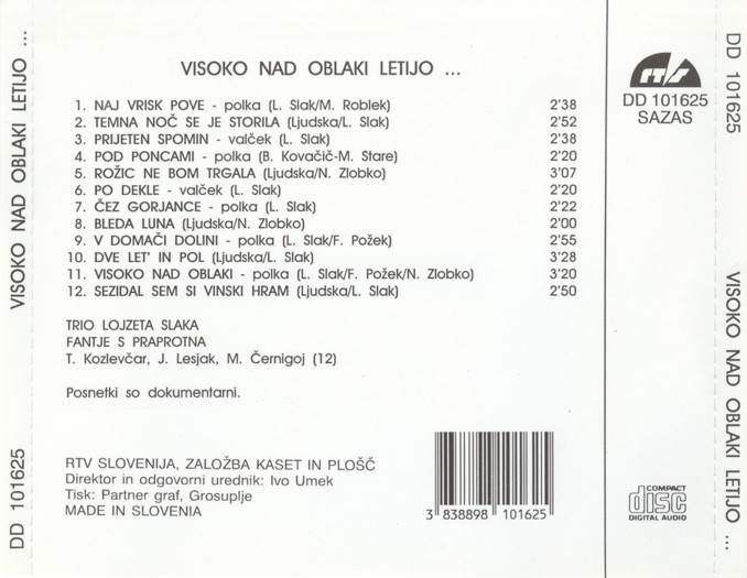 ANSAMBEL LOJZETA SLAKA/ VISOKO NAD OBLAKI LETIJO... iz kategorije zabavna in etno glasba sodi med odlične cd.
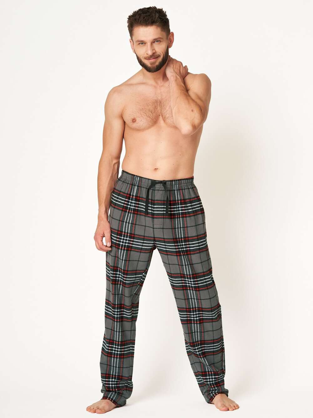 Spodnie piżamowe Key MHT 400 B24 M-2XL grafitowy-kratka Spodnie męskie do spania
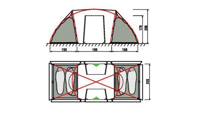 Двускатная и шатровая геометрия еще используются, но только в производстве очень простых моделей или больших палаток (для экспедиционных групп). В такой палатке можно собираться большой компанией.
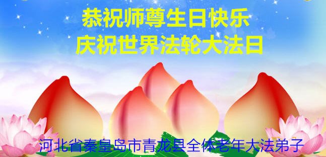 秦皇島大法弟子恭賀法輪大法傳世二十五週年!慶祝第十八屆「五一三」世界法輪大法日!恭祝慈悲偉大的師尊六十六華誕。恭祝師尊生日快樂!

-------

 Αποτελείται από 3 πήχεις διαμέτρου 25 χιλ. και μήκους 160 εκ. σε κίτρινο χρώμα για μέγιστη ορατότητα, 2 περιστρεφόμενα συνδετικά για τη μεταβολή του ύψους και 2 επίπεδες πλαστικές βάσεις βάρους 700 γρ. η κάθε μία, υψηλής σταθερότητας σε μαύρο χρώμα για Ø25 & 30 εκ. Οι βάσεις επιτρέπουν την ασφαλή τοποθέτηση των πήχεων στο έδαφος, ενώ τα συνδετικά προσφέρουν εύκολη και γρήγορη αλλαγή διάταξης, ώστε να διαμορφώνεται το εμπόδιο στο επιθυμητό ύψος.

-------

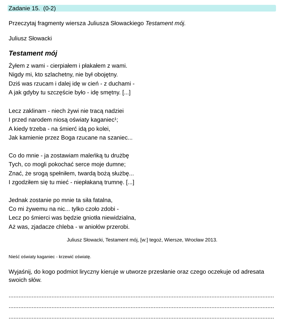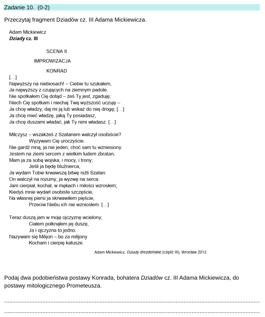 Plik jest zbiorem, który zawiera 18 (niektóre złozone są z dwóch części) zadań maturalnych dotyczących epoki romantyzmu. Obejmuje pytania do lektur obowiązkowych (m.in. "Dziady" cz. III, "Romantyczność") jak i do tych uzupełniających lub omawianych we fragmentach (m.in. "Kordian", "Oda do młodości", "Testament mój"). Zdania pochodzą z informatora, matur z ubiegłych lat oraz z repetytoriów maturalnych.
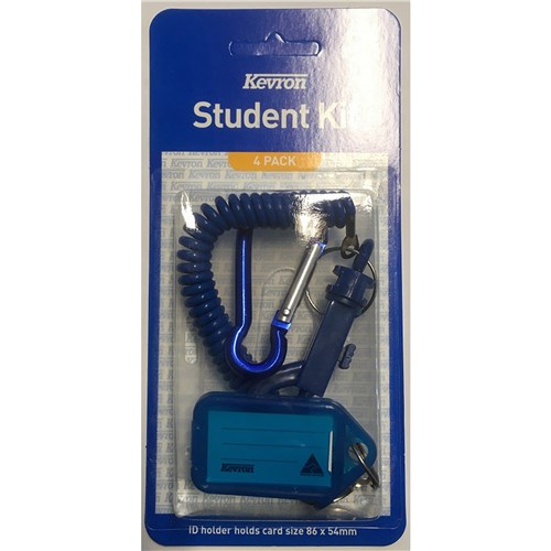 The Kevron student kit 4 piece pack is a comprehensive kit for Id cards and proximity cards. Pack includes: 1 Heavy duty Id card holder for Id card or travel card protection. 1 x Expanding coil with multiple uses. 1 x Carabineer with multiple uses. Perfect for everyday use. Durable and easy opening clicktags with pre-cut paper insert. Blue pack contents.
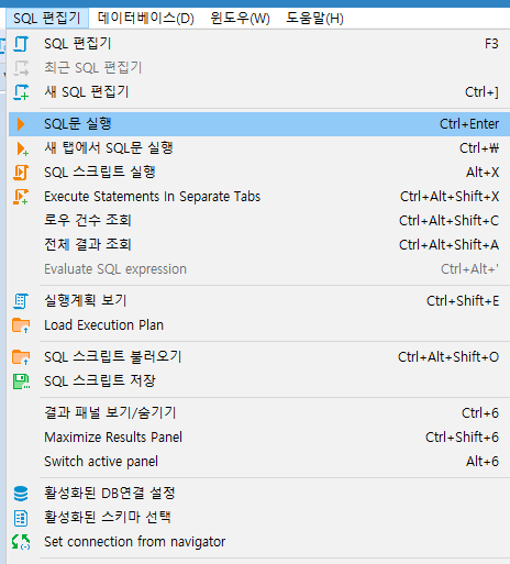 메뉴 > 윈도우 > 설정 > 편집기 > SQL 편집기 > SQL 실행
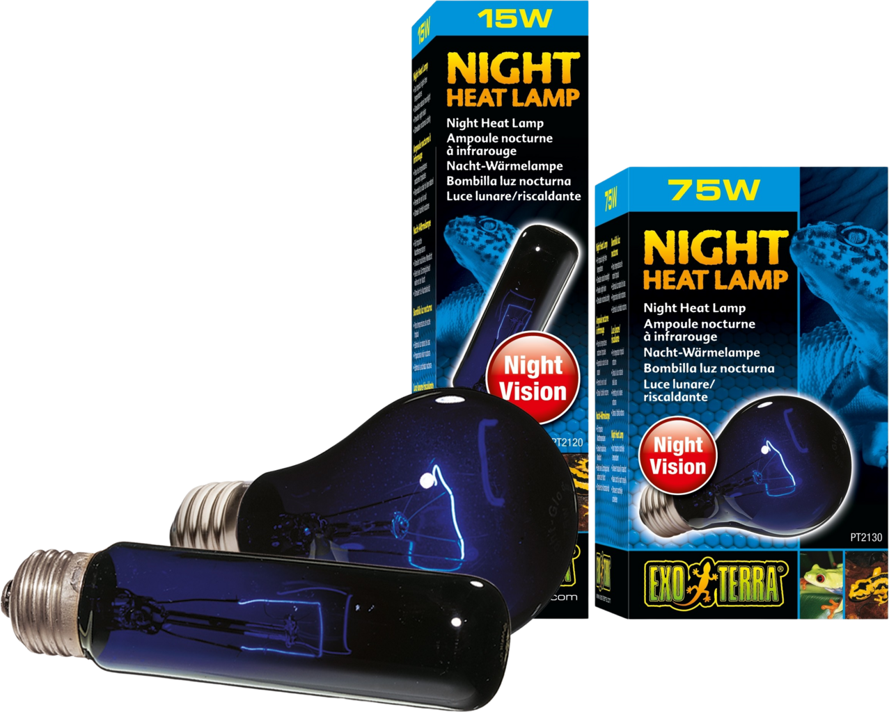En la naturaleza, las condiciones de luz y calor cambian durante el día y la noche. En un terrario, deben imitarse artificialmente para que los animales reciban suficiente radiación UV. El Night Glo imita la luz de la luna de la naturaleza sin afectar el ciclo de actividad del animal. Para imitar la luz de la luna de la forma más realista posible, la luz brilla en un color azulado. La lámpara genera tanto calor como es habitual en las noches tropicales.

-------

How to complete this task
For the material above, give again only the lines starting at the line that contains "Plik jest zbiorem, który" and ending at the line that contains "En la naturaleza, las". Pictures do not belong in the copy.

Result below
 Plik jest zbiorem, który zawiera 18 (niektóre złozone są z dwóch części) zadań maturalnych dotyczących epoki romantyzmu. Obejmuje pytania do lektur obowiązkowych (m.in. "Dziady" cz. III, "Romantyczność") jak i do tych uzupełniających lub omawianych we fragmentach (m.in. "Kordian", "Oda do młodości", "Testament mój"). Zdania pochodzą z informatora, matur z ubiegłych lat oraz z repetytoriów maturalnych.
 The Kevron student kit 4 piece pack is a comprehensive kit for Id cards and proximity cards. Pack includes: 1 Heavy duty Id card holder for Id card or travel card protection. 1 x Expanding coil with multiple uses. 1 x Carabineer with multiple uses. Perfect for everyday use. Durable and easy opening clicktags with pre-cut paper insert. Blue pack contents.
 메뉴 > 윈도우 > 설정 > 편집기 > SQL 편집기 > SQL 실행
En la naturaleza, las condiciones de luz y calor cambian durante el día y la noche. En un terrario, deben imitarse artificialmente para que los animales reciban suficiente radiación UV. El Night Glo imita la luz de la luna de la naturaleza sin afectar el ciclo de actividad del animal. Para imitar la luz de la luna de la forma más realista posible, la luz brilla en un color azulado. La lámpara genera tanto calor como es habitual en las noches tropicales.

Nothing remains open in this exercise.